Leaving behind the game
of corporate musical chairs,
I managed to land a position
as a part-time financial consultant,
working at home, serving customers
whose wishes ran the gamut
from slow and steady to get-rich-quick.
I appeased the greedy and soothed
the hesitant with realistic calculations
of returns on “promising new investments.”
In my spare time, sensing
the time had come to write
the next chapter of my life,
I found a measure of peace
by scribbling what I thought might develop
into a novel of corporate life,
obeying Mr. Hemingway’s rule
that one should always write
what one knows best, without
fabrication or the kind of fakery
Ernie could smell on page one.
Writing with a slow but certain pace
I thought would banish all errors,
I lapsed into one page forward and several back,
in search of the more perfect word,
the fitting phrase and the smoothly certain
flow of paragraphs. I ended
by deleting whatever I’d written
and returning to a blank page,
willing to start over and incur all risks,
like a matador returning to the corrida
to face (as Hemingway might say)
the challenge of the bull.
It was at this time that I found an ad
from a service called Wonderwords
with the following offer:
“Would you like to be a writer?
Why not cultivate your talents?
Give the boot to the inner critic
in you who says you have no talent
and never will see publication.
Hire us to help you prove
you not only can, but will.”
“If you wish to write,” the pitch continued,
“we can help you become a professional
and shape the story you wish to tell.
The strength of Artificial Intelligence
will power your creative efforts
and a personal writing assistant
will assess your limitations
and transform them into assets.”
It sounded too good to be true,
but on second thought,
the unlimited resources of AI
and the oversight of an assistant
could be just what I needed
to make the transition into the ranks
of writers I’d read about—
the storied kind who scribble
detective tales on cocktail napkins,
knock off flawless chapters
of the Great American Novel,
between Hollywood script gigs,
and devise captivating stage plays
destined to make the playwright
the champagne toast of Broadway.
I brought nothing exceptional
by way of talent to the task,
but why let a little impediment
like that close the door
to the career one imagines?
Why not allow modern tech
to place me in the writing game
and seize the dream of becoming
a literary somebody
instead of remaining a part-time nobody?
“What kind of writer do you wish to be?”
a spokesperson named Wordsworth
asked me when I made the connection.
“I haven’t any idea,” I answered truthfully.
“Well, start thinking! Short story specialist?
Noted novelist? Prize winning wordsmith?
Literary superstar admired by worldwide readers
for the depth of your wisdom and charm of your wit?”

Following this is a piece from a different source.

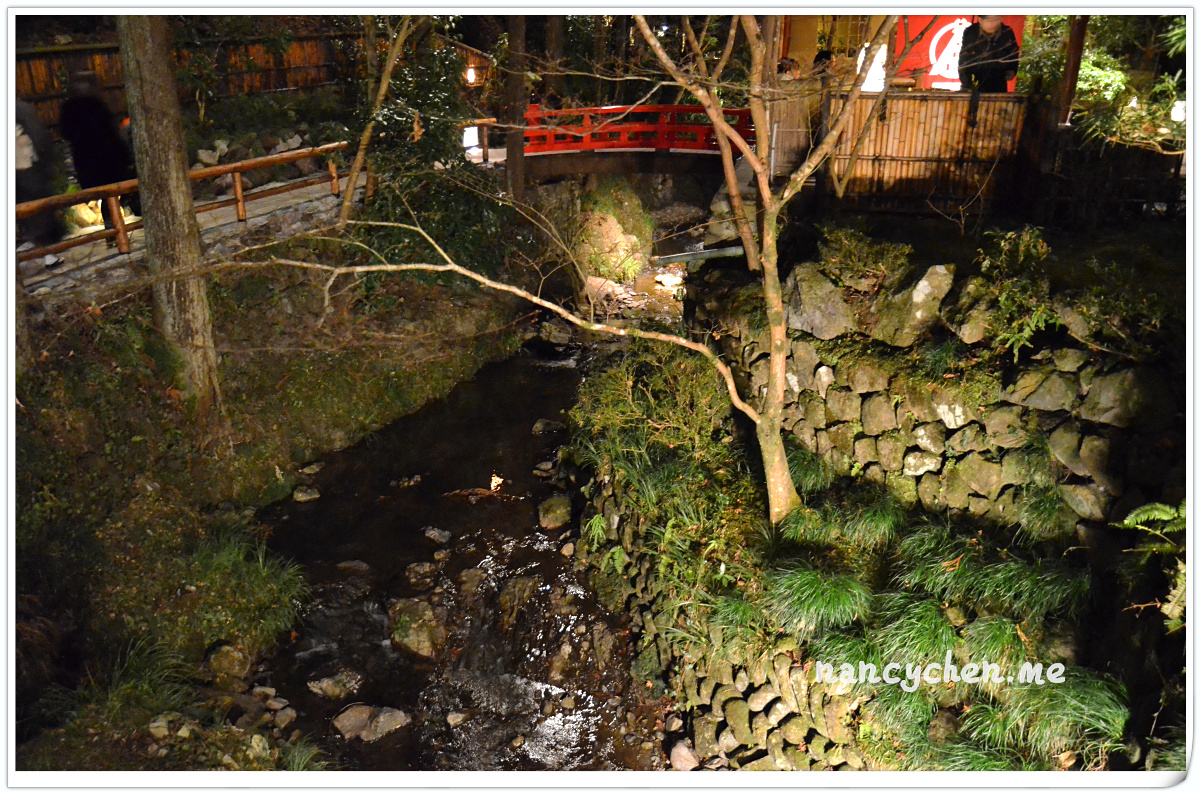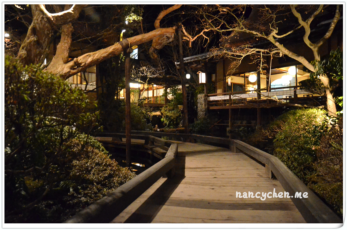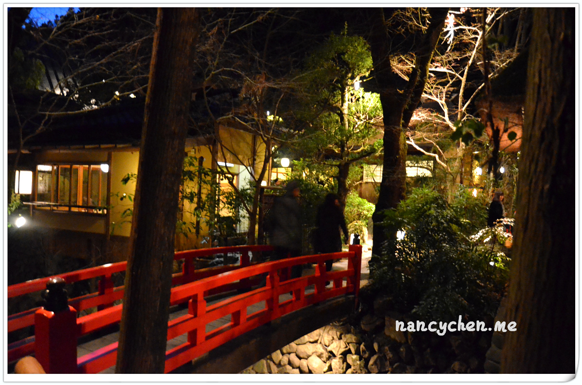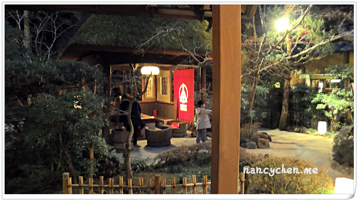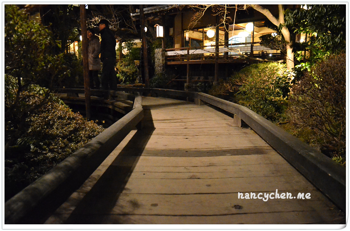 うかい(UKAI)可說是日本很有名的一個高級餐飲集團,而高尾山的這兩間餐廳,據說是うかい(UKAI)集團發跡的起源地,讓人特別好奇它呈現的料理與它擅長營造的極致氛圍。 「うかい鳥山 (UKAI Toriyama)」佔地6500坪,你沒看錯!是6500坪的日式庭園!我們到的時候已是日落時分,庭園裡點起一束束火炬,真有種與事隔絕的不真實感;標準日式庭園造景、小橋流水、還有特別從別處移來的合掌屋,再加上錯落於其中的獨立包廂,走進這個地方彷彿走進時光隧道。

He was going too far, too fast,
and I sensed the kind of exaggeration
of an oversell, the promise
that lures the susceptible to a scam.
“We here at Wonderwords
are committed to helping you realize
the dream you dare imagine,
the success you crave
and the fame that brings fortune.
The miracle of Artificial Intelligence
can enable you to set your writing free,
confront and conquer your demons,
and end your creative struggles
by lifting the stranglehold of writer’s block.”
Wordsworth encouraged me
to buy into the premise and come out
“Smelling like an author—and selling like one.
The plots, characters and settings
that defied your best efforts
will now be yours, thanks to
our powerful collection of writing tools.
Using them will polish your skills
and put you in contention for publication.”
To aid my efforts, Wordsworth promised
to give me daily words of wisdom
to boost morale, stimulate progress,
improve my craft and accelerate a career.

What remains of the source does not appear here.